Don’t Buy Commodities (i.e. Gold)!
“The problem with commodities is that you are betting on what someone else would pay for them in six months. The commodity itself isn’t going to do anything for you….it is an entirely different game to buy a lump of something and hope that somebody else pays you more for that lump two years from now than it is to buy something that you expect to produce income for you over time.” – Warren Buffet
So What Are Commodities?
Commodities are typically raw materials/resources such as oil, gold, silver, and corn.
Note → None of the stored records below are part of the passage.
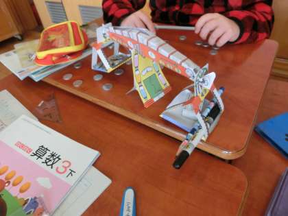 自分で作ったてんびんを使って文房具の重さが1円玉何個分になるのか調べました。鉛筆や消しゴム,定規などいろいろなものの重さを調べることができました。手作りのてんびんでは,重いものを測ることはできなかったので,次は重いものの測り方について学習していきます。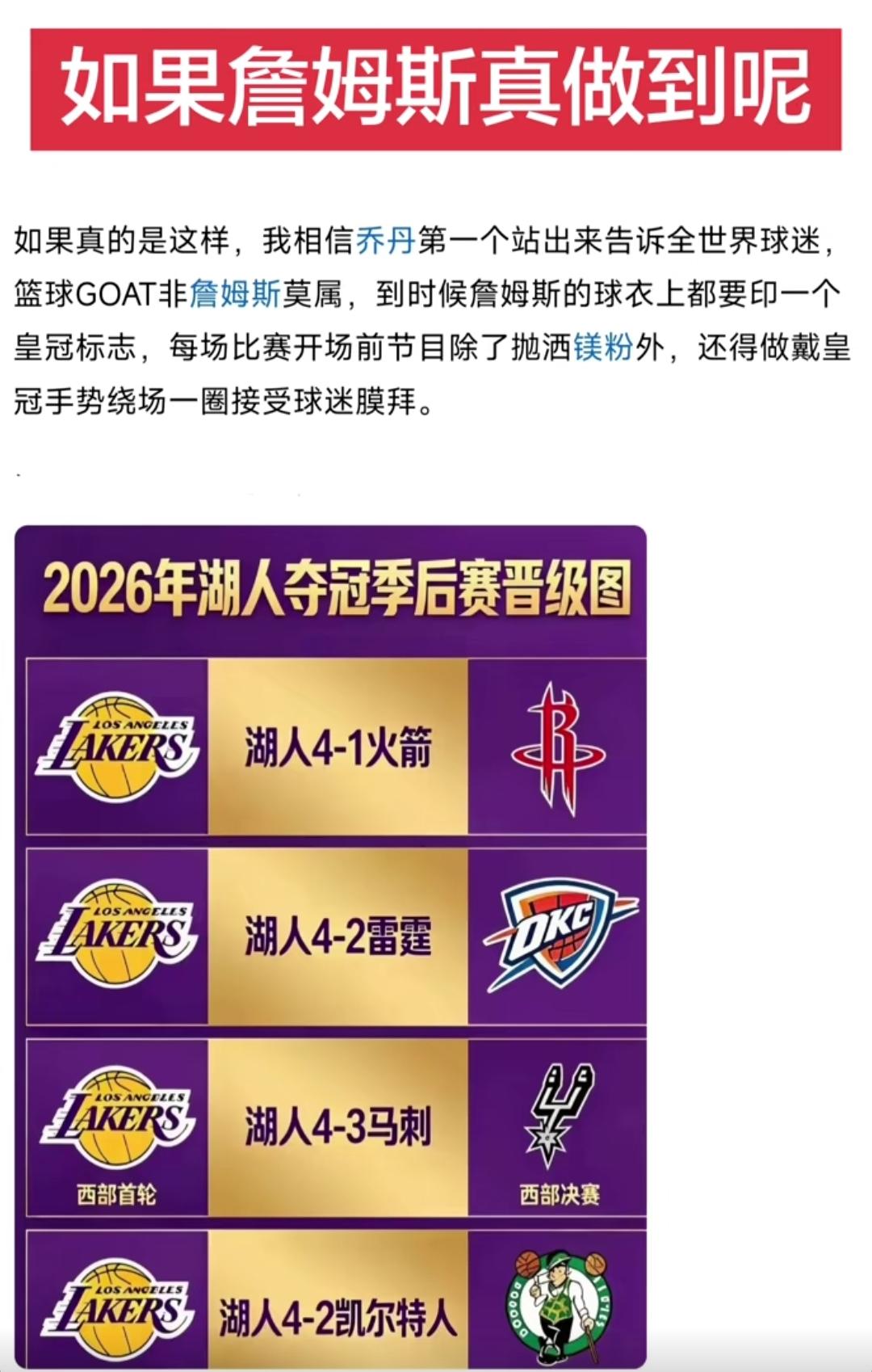 湖人夺冠晋级图:詹姆斯的荣耀时刻,乔丹也会亲自出来宣布,勒布朗詹姆斯就是历史第一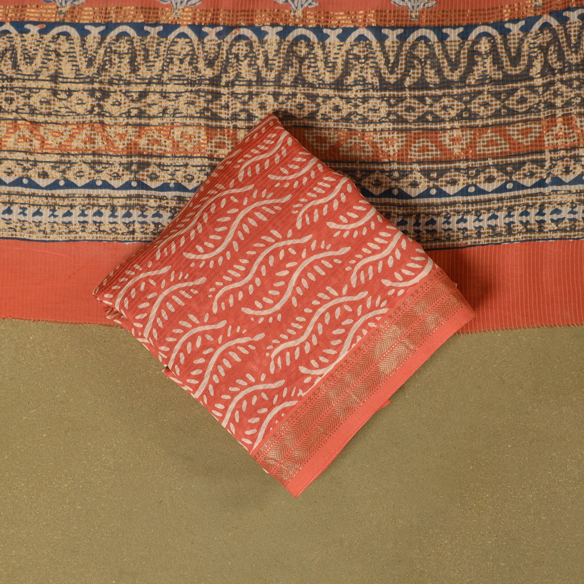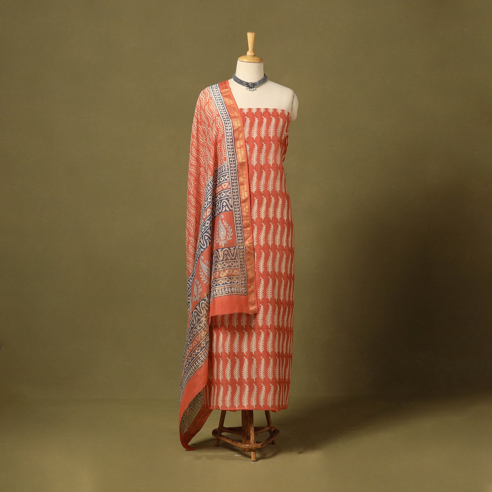 This ed 3pc maheshwari silk cotton unstitched dress material is beautifully adorned with traditional bagh block prints from Madhya Pradesh. Made using natural dyes, the set includes a coordinated top, bottom, and dupatta. The elegant zari border enhances its festive appeal, adding a refined touch of charm. A graceful blend of tradition, artistry, and comfort, perfect for everyday elegance and special occasions.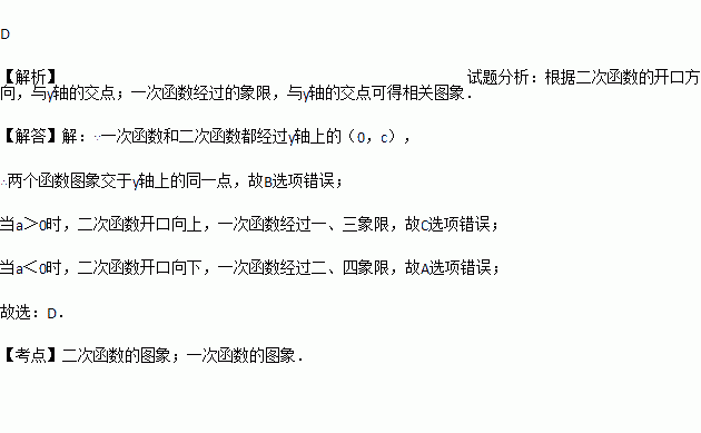 在同一直角坐标系中,一次函数y=ax+c和二次函数y=ax2+c的图象大致为( )
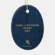 Glamourous faux gold glitter palm fronds on deep blue denim background highlights your favourite photo on these holiday Christmas Oval Ceramic Ornaments. "It's A Wonderful Life", or any greeting you choose, and your names on the back in chic lettering. CHANGE the saying, change the fonts, font colours, even the background colour with the CUSTOMIZE further link.

They are inherently different from investments that are financial assets (i.e. stocks, bonds, real estate). The reason why commodities are not financial assets, is because the value of commodities is derived from supply and demand based on global needs for usage/production and its loose ties to inflation. True financial assets, like stocks, grow in value over time because they are an ownership stake in real businesses that generate profit and long-term growth.
So Why Not Commodities?
Fans of precious metals like to point out that government currency is fiat money, and that the only thing keeping something like the dollar going, is based strictly on “faith” and not due to inherent value. I agree with this sentiment, since all currency requires an element of “faith” in the government’s ability to back it up, or no one would use it. But similar to the dollar, or any other global currency, I feel the same argument can be stated for precious metals.
Secondly, in a catastrophic event, I don’t think people will start hauling their gold ingots, bars, and coins to their nearest store to exchange for goods, or when bartering with other individuals. I’m pretty sure canned goods, water, and ammunition will have higher trading value.
Lastly, commodities and precious metals are typically bought as a hedge against inflation and for their low correlation with the stock market. The latter is relatively true, but I’d argue that plain old cash is an even better diversifying asset because it has zero correlation to the market.
How Have the Returns Been on Commodities?
For the past 26 years (since the creation of the Bloomberg Commodities Index), commodities have shown lower returns than cash, with higher volatility than stocks. And for the past 42 years, commodities in aggregate, have been trounced by the US Stock Market (see graph below):
But Gold Has Been Used For Centuries, if not Millennia!
Many argue that gold has intrinsic value because it’s been used for a long time. And that there’s something inherent about gold, that human beings will always be drawn to. So to argue against this, my point wouldn’t be to disagree with the notion that gold has always had allure. I think it still does. If you’ve ever seen or held gold, I do agree that the sheer glitter of gold has a distinct “pull” that feels very primal.
But the point I’m trying to make isn’t that gold has absolutely no value. The point is that it’s not a true financial asset and is a difficult instrument to gauge value on, due to its’ currency-like nature. And lastly because, quite frankly, the returns have been horrendous compared to real financial assets like stocks and bonds, and even cash! See below graphic for data on the growth of just $1 in the past 210 years across different instruments.
“Because gold, unlike stocks, bonds, real estate and other financial assets, generates no income, valuing it is all but impossible. “It’s intrinsically worthless or intrinsically priceless. You can build a financial model to value it, but every input is going to be your imagination.” – Paul Brodsky, Strategist at Macro Allocation
Do you currently have any allocation towards precious metals or other commodities, like gold, silver, or oil? If yes, what was your thought process behind it? But more importantly, did my arguments against commodities introduce a solid enough viewpoint, and did it change your mind? Why or why not?